**Exercise 1.20:** The process that a procedure generates is of course dependent on the rules used
by the interpreter. As an example, consider the iterative gcd procedure given above. Suppose we
were to interpret this procedure using normal-order evaluation, as discussed in section 1.1.5. (The
normal-order-evaluation rule for if is described in exercise 1.5.) Using the substitution method
(for normal order), illustrate the process generated in evaluating `(gcd 206 40)`

and indicate
the remainder operations that are actually performed.
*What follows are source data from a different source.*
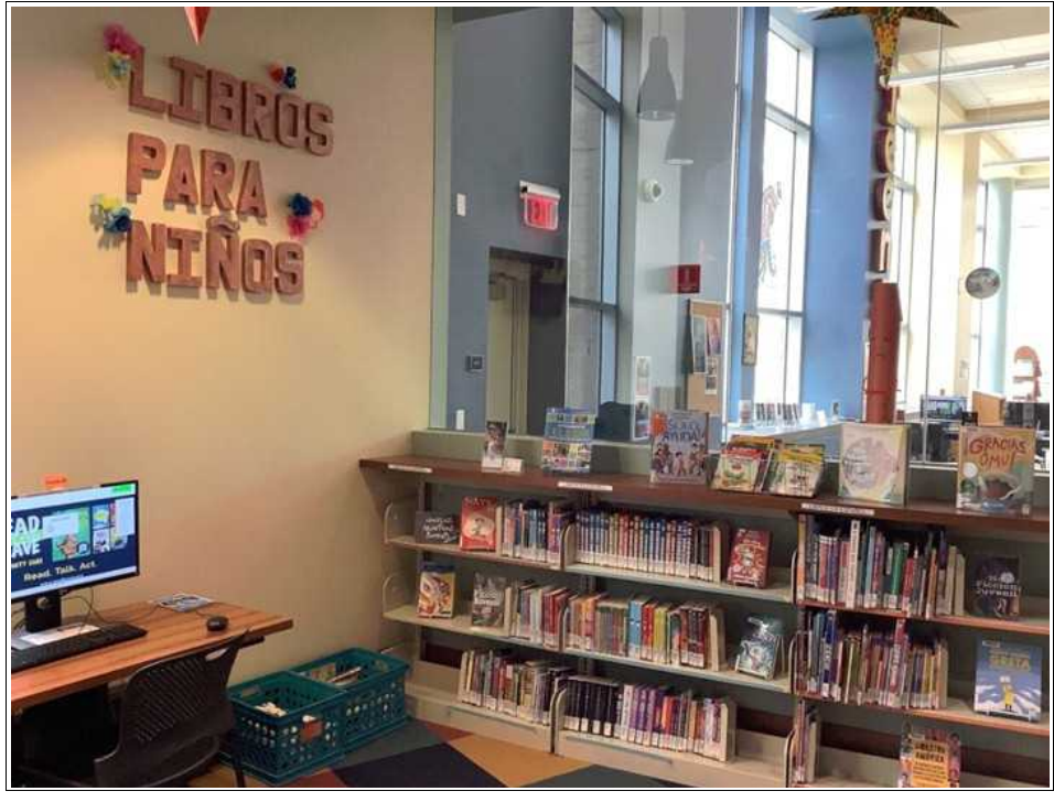
Dayton's Bluff Library

Check out sppl.org/hispanic-heritage to find more events like these, and discover picture books, movies, young adult reads, and other titles featuring Latine characters and stories.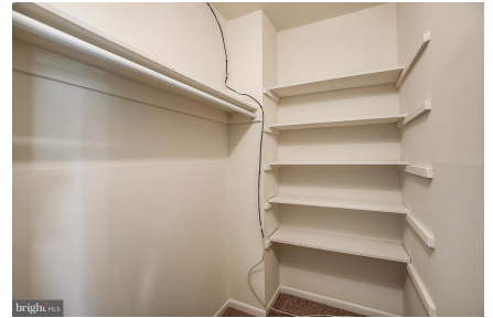
Walk In Closet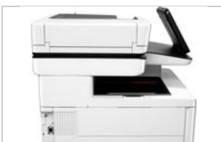
Right profile open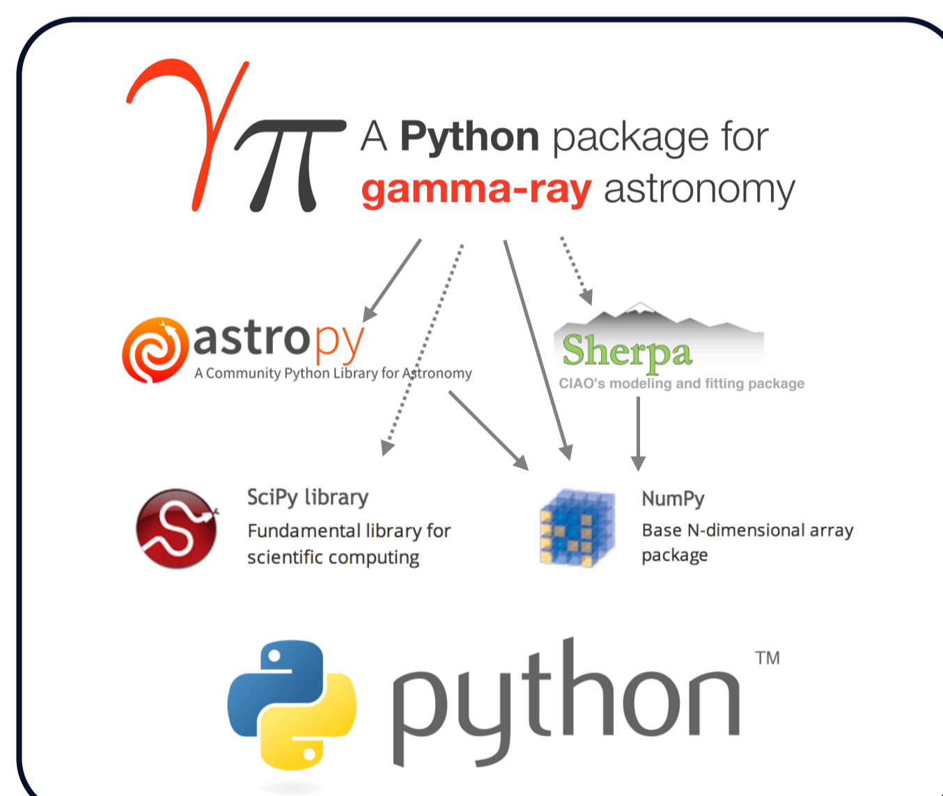
Fig. 1: Gammapy is a Python package, built on Numpy and Astropy as core dependencies.

The Cherenkov Telescope Array (CTA) will observe the sky in very-high-energy gamma-ray light soon. All astronomers will have access to CTA high-level data, as well as CTA science tools (ST) software. The ST can be used for example to generate sky images and to measure source properties such as morphology, spectra and light curves, using event lists as well as instrument response function (IRF) and auxiliary information as input.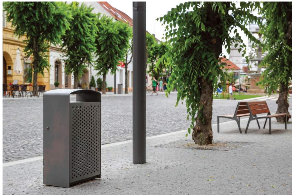
TRASH & RECYCLING BINS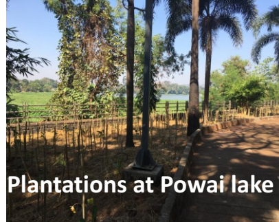
Plantations at Powai lake

We will be responsible for executing the Miyawaki method of tree plantation over the entire eastern suburbs by planting 2,25,000 native and indigenous species of trees." His firm, Madhani Corporation,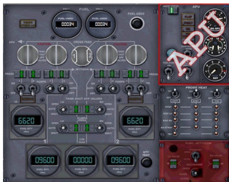
Figure 6: APU section on fuel panel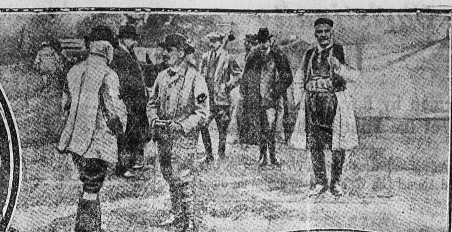
King Victor Emmanuel and Prince Nicholas of Montenegro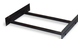
Arm-mounting chassis – available in all sizes listed above.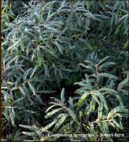
Comptonia peregrina – Sweet-fern

How many remainder operations are actually
performed in the normal-order evaluation of `(gcd 206 40)`

? In the applicative-order evaluation?

GCD Algorithm:

```
(define (gcd a b)
(if (= b 0)
a
(gcd b (remainder a b))))
```

Normal Order:

```
R1 = (remainder 206 40) ; 6
(gcd 206 40)
(if (= 40 0)
40
(gcd 40 R1))
(if (= R1 0)
40
(gcd R1 (remainder 40 R1)))
R2 = (remainder 40 R1) ; 4
(if (= R2 0)
R1
(gcd R2 (remainder R1 R2)))
R3 = (remainder R1 R2) ; 2
(if (= R3 0)
R2
(gcd R3 (remainder R2 R3)))
R4 = (remainder R2 R3) ; 0
(if (= R4 0)
R3
(gcd ....)) ; Never called because R4 evaluates to 0
```

Every time there is an R in an if = statement that R gets evaluated. #{R1}+#{R2}+#{R3}+#{R4}= 1 + 2 + 4 + 7 = 14 times remainder is run in the if = R3 is ran once in order to return the actual remainder.

14+#{R3}=18

Number of Times “remainder” function called **18**.

Applicative Order:

```
(gcd 206 40)
(gcd 40 (remainder 206 40))
(gcd 40 6)
(gcd 6 (remainder 40 6))
(gcd 6 4)
(gcd 4 (remainder 6 4))
(gcd 4 2)
(gcd 2 (remainder 4 2))
(gcd 2 0)
2
```

Number of Times “remainder” function called **4**.